The CRISPR/Cas9 system has emerged as a transforming genome editing tool. CRISPR/Cas9 genome editing has been applied to correct disease-causing mutations in mouse zygotes and human cell lines, but delivery to adult mammalian organs to correct genetic disease genes has not been reported prior to our study. The liver disease hereditary tyrosinemia type I is a suitable model for gene repair-based therapy because the repaired hepatocytes will expand and repopulate the liver. Mutation of fumarylacetoacetate hydrolase (FAH), the last enzyme catalyzing the tyrosine catabolic pathway, leads to accumulation of toxic metabolites and severe liver damage. The Fah^mut/mut mouse model harbors the same homozygous G to A point mutation of the last nucleotide of exon 8 as causes the human disease. This causes splicing skipping of exon 8 and truncated Fah mRNA.

In our first proof-of-concept study, we demonstrate CRISPR/Cas9-mediated correction of the Fah point mutation in hepatocytes in the Fah^mut/mut mice. Delivery of the CRISPR/Cas9 system by hydrodynamic injection resulted in initial expression of the wild-type Fah protein in ~1/250 liver cells. Expansion of Fah-positive hepatocytes rescued the body weight loss phenotype. Our study indicates that for the first time CRISPR/Cas9-mediated genome editing is possible in adult animals and has potential for correction of human genetic diseases.
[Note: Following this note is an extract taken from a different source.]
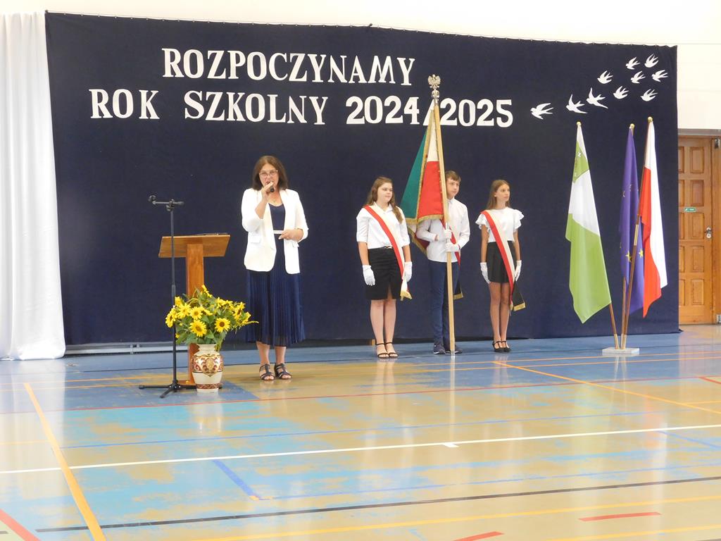 Oficjalną część rozpoczęto od wprowadzenia pocztu sztandarowego i wspólnego odśpiewania hymnu narodowego. Następnie Pani Dyrektor Agata Kopczyńska powitała zebranych uczniów, Rodziców, nauczycieli i pracowników. Gorące słowa skierowała w stronę Pierwszoklasistów życząc Im pomyślności w wypełnianiu obowiązków szkolnych, a wszystkim uczniom powodzenia w zdobywaniu wiedzy i nowych umiejętności. W swoim wystąpieniu Pani Dyrektor wspomniała o pierwszym września 1939 roku, które uczczono minutą ciszy.

Clinical implementation of CRISPR system requires safe and effective delivery to target tissue. In our second study, we combined lipid nanoparticle—mediated delivery of Cas9 mRNA with adeno-associated viruses encoding a sgRNA and a repair template to induce gene repair in the Fah^mut/mut mice. The efficiency of correction was >6% of hepatocytes after a single application with minimal off-target effects, suggesting potential utility of Cas9-based therapeutic genome editing for a range of diseases.

Dr. Hao Yin received his B.S. degree in Biotechnology from Nanjing University in Nanjing, China and completed his PhD training at the School of Pharmacy at the University of Colorado Anschutz Medical Campus. In December 2010, He joined the research group of Professor Robert Langer and Professor Daniel Anderson at Massachusetts Institute of Technology, as a postdoctoral associate. At Langer/Anderson lab, he harnessed novel viral and non-viral delivery vectors and genome engineering technologies for developing gene-based therapy and generating cancer models. He spearheaded the first demonstration that CRISPR can reverse disease symptoms in living animals, extending its application from in vitro to in vivo. His work, published in 2014 in Nature Biotechnology, has been highlighted in front-page headlines and as cover stories by numerous influential public media and scientific journals worldwide. With expertise in non-viral vectors, he generated clinical suitable delivery methods for CRISPR mediated in vivo gene repair. Published in 2016 in Nature Biotechnology, he developed a lipid-based nanoformulation of Cas9 mRNA for in vivo delivery (named as Nano.Cas9). When Nano.Cas9 was combined with an adenovirus-associated virus vector carrying a guide RNA and a repair template, this treatment induced gene repair with high efficiency and minimal off-target genomic effects in the liver. In collaborations with the laboratories of Professor Phillip Sharp and Professor Tyler Jacks, he is the leading author in another landmark study described in Nature, demonstrating that CRISPR can directly mutate tumor suppressor genes and oncogenes in vivo, creating a new avenue for the rapid development of cancer models and functional genomics.